* What to work on *
Extract the opening line of the entries and every line after it, stopping at and including the line that contains "- decoração relevada". Do not include pictures.

Items from a dataset:
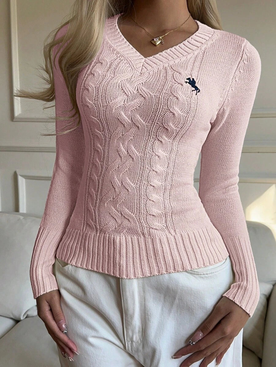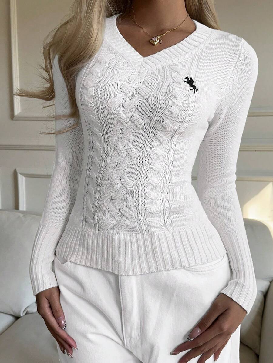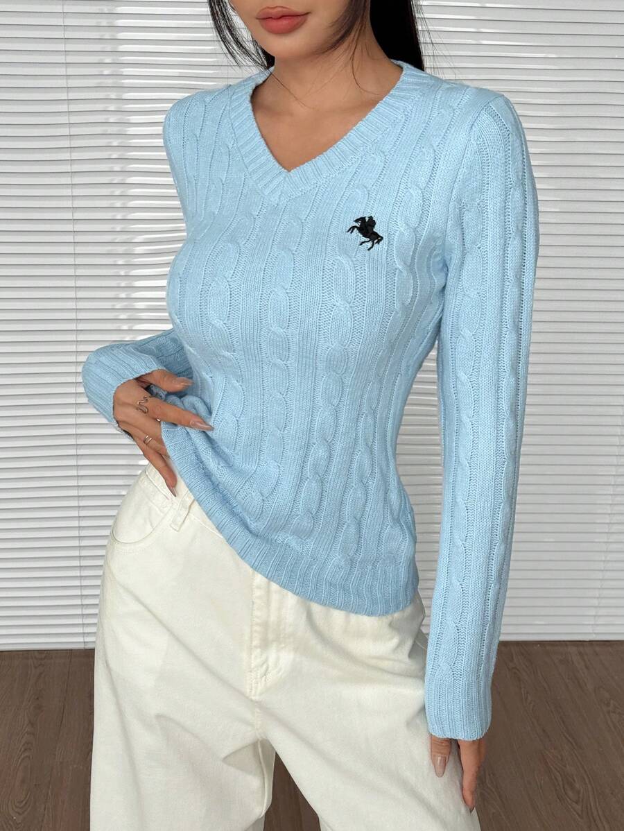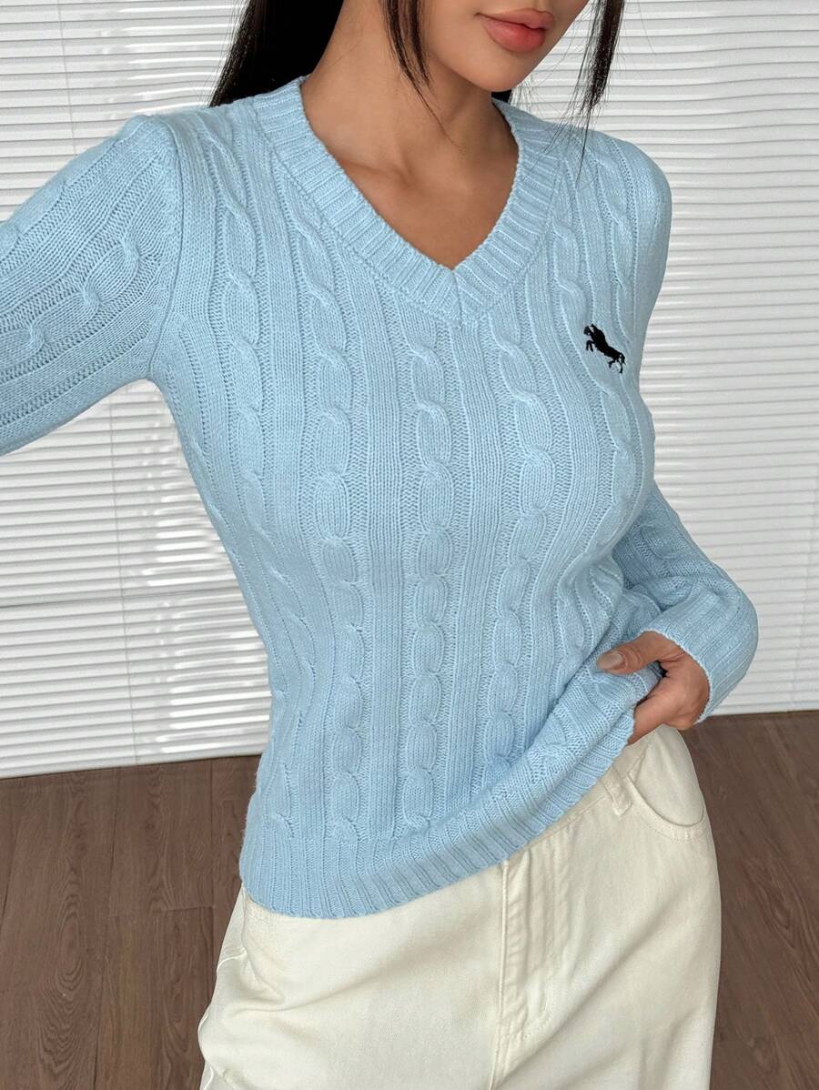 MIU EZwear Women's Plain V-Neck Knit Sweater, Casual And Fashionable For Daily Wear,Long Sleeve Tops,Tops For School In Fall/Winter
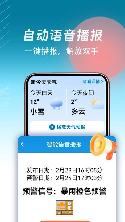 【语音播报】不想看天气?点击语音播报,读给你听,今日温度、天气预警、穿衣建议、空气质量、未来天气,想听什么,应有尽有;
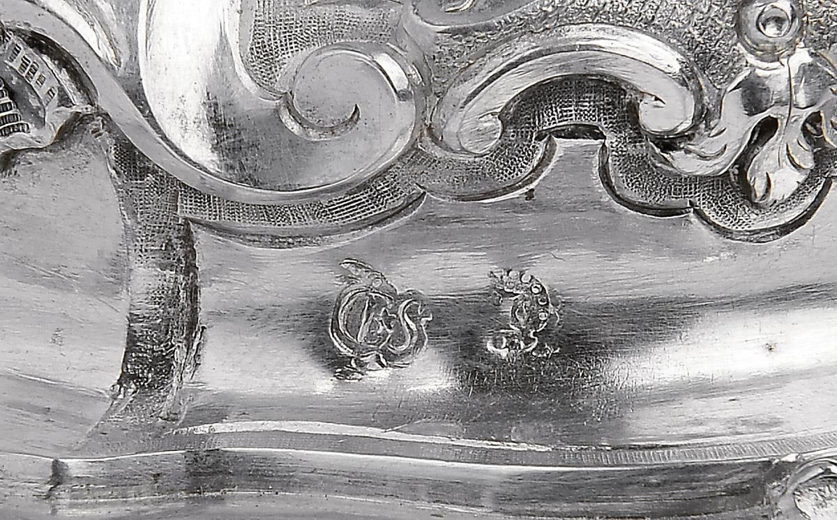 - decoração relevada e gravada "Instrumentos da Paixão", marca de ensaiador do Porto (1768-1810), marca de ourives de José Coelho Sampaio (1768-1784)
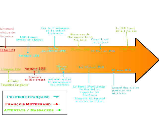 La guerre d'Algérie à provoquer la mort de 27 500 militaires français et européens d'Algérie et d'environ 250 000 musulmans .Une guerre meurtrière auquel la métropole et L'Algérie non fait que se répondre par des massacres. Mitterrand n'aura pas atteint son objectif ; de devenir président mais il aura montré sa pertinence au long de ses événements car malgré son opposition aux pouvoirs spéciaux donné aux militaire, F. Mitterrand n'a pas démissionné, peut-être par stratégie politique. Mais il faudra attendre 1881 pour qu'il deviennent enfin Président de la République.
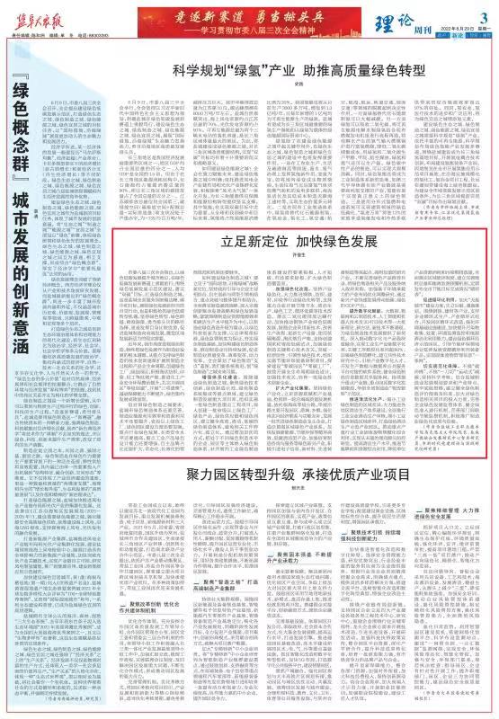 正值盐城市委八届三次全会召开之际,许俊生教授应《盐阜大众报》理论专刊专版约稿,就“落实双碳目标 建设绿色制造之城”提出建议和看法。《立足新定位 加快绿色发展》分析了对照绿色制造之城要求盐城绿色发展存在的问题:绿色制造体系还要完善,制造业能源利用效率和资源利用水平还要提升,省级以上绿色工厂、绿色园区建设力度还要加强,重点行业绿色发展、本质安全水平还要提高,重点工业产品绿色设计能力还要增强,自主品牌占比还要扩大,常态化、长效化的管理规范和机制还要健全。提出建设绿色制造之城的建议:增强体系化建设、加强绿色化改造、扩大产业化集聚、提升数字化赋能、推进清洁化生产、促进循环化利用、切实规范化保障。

* Solution to the problem *
 MIU EZwear Women's Plain V-Neck Knit Sweater, Casual And Fashionable For Daily Wear,Long Sleeve Tops,Tops For School In Fall/Winter
 【语音播报】不想看天气?点击语音播报,读给你听,今日温度、天气预警、穿衣建议、空气质量、未来天气,想听什么,应有尽有;
 - decoração relevada e gravada "Instrumentos da Paixão", marca de ensaiador do Porto (1768-1810), marca de ourives de José Coelho Sampaio (1768-1784)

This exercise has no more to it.